Rejoice in the Lord always; again, I say, rejoice.
~Philippians 4:4
 
 
What a life, dear Lord!  What a grand and glorious life You give me anew each and every day!  Domine, non sum dignus...O Lord, I am not worthy...!

Wednesday, August 29, 2012

Infinite Riches

Every moment is crammed with infinite riches which are given us according to the extent of our faith and love.  ~Fr. Jean-Pierre de Caussade in Abandonment to Divine Providence

This is the day which the Lord hath made:
let us be glad and rejoice therein.
~Psalm 118:24

Tuesday, August 28, 2012

Clouds!


Morning Clouds by Ann L. Krumrein


A pessimist sees only the dark side of the clouds, and mopes;
a philosopher sees both sides, and shrugs;
an optimist doesn't see the clouds at all -- he's walking on them.
~Leonard Louis Levinson

Thank you, dear Lord, for making me an optimist!

Monday, August 27, 2012

My sweet Annie


Ave Maria!  Here she is, my dear sister, Ann L. Krumrein, down at "the cove" near the lovely home where she and her husband John live in Lincolnville, Maine.  They were about to join friends for a celebratory supper, which is why she's so dressed up.  Normally the attire at the cove is super causual, but not this fun evening.  As always, she's flashing that dazzling smile of hers and looks so classy.  I love you, my sweet Annie!

21st Sunday of Ordinary Time


“Lord, to whom shall we go? You have the words of eternal life.”  ~John 6:68

"To whom shall we go?" Peter asks. In other words, “Who else will instruct us the way you do?” or, “To whom shall we go to find anything better?”

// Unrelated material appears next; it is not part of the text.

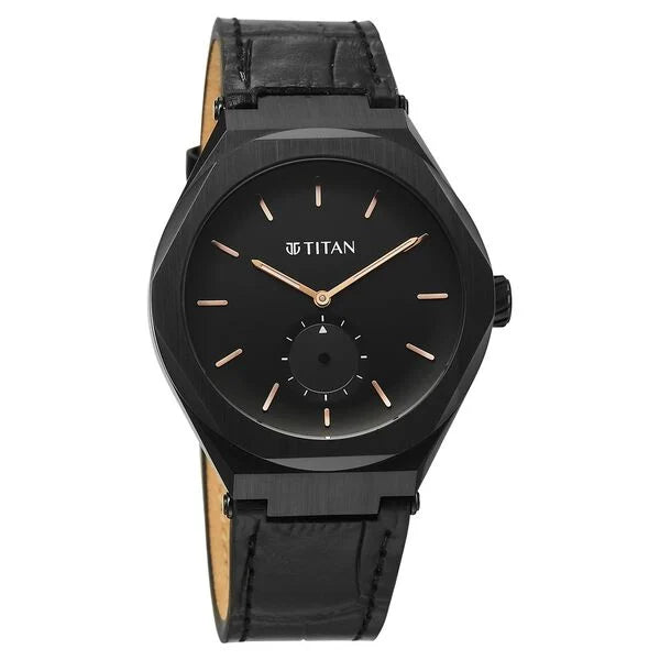 Titan Contour Analog Men's watch with Small Second and Black Dial and Black Leather Strap, 90210NL01

"You have the words of eternal life;" not hard words, as those other disciples say, but words that will bring us to the loftiest goal, unceasing, endless life removed from all corruption.

These words surely make quite obvious to us the necessity for sitting at the feet of Christ, taking him as our one and only teacher, and giving him our constant and undivided attention. He must be our guide who knows well how to lead us to everlasting life.

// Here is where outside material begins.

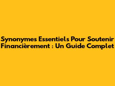 Synonymes Essentiels Pour Soutenir Financièrement : Un Guide Complet

Thus, shall we ascend to the divine court of heaven, and entering the church of the first born, delight in blessings passing all human understanding.

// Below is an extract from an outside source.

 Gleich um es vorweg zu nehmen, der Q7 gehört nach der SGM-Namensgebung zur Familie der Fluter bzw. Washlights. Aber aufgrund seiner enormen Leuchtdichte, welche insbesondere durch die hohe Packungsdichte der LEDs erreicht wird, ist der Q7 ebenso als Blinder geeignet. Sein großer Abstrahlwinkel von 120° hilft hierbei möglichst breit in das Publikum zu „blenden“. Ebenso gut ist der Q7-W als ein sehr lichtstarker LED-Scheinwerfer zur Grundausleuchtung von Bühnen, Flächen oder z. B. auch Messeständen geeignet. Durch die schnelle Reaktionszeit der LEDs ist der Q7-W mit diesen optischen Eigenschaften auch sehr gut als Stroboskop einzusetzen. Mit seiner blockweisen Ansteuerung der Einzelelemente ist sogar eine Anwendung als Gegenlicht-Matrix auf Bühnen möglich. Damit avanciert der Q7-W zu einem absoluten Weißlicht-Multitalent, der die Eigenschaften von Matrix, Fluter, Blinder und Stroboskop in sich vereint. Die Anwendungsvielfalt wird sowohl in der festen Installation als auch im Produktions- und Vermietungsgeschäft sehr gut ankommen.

That the desire to follow Christ alone and to be with him always is a good thing leading to our salvation is entirely self-evident; yet we may learn this from the Old Testament as well.

When the Israelites had shaken off Egyptian tyranny and were hastening toward the promised land, God did not allow them to make disorderly marches; not did the lawgiver let each one go where he would, for without a guide they should undoubtedly have lost the way completely. They were ordered to follow: to set out with the cloud, to come to a halt again with it, and to rest with it.

Keeping with their guide was the Israelites’ salvation then, just as not leaving Christ is ours now. For he was with those people of old under the form of the tabernacle, the cloud, and the fire.

They were commanded to follow, and not undertake the journey on their own initiative. They were to halt with the cloud and to abide with it, that by this symbol you might understand Christ’s words: "Whoever serves me must follow me, so as to be with me wherever I am."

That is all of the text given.